WebReflection commented 3 years ago

@devsnek we're having a conversation and it's been productive to me, as I've learned about import.meta.hot which I didn't know. As I still think HMR should not land on the Web, I was hoping node could've done something to help having HMR in development mode, but if that's not the case, then this issue could, as well, be closed.

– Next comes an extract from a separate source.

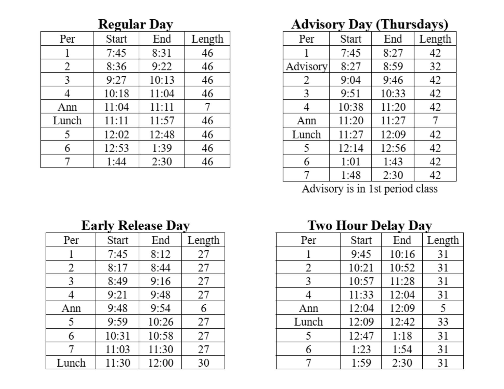 - Each Thursday we will have an advisory schedule noted as Advisory Day. During our Advisory period students will remain with their first-period teacher and will work on school-wide activities focused on topics such as social-emotional learning, restorative justice, organization, goal setting, and more.

katywings commented 3 years ago

Anyone here tried to just rename the lib folder of your project to lib1, lib2, lib3, counting up, each time a file changes? This might be a workaround 😅🙈

GeoffreyBooth commented 3 years ago

@WebReflection I think the issue is deeper than Node (others can correct me). Even if Node invalidates its cache, V8 won’t let it replace the ES module that’s already been loaded in V8. At least, that’s how things stand at the moment with V8, as far as I know. There was hope that a DevTools protocol, Debugger.setScriptSource if I’m remembering correctly, would let us tell V8 to change the contents of a loaded module; but that turned out not to work out.

guybedford commented 3 years ago

Tbh a require('module').globalCache Map being exposed might not be the end of the world and surely doesn't need TC39. The hard part is not exposing the private module wrap interface and wanting to provide dependency graph metadata for clearing ancestors.

ljharb commented 3 years ago

Wouldn't a global module map be incompatible with import maps support, since each module potentially has a contextually scoped module map?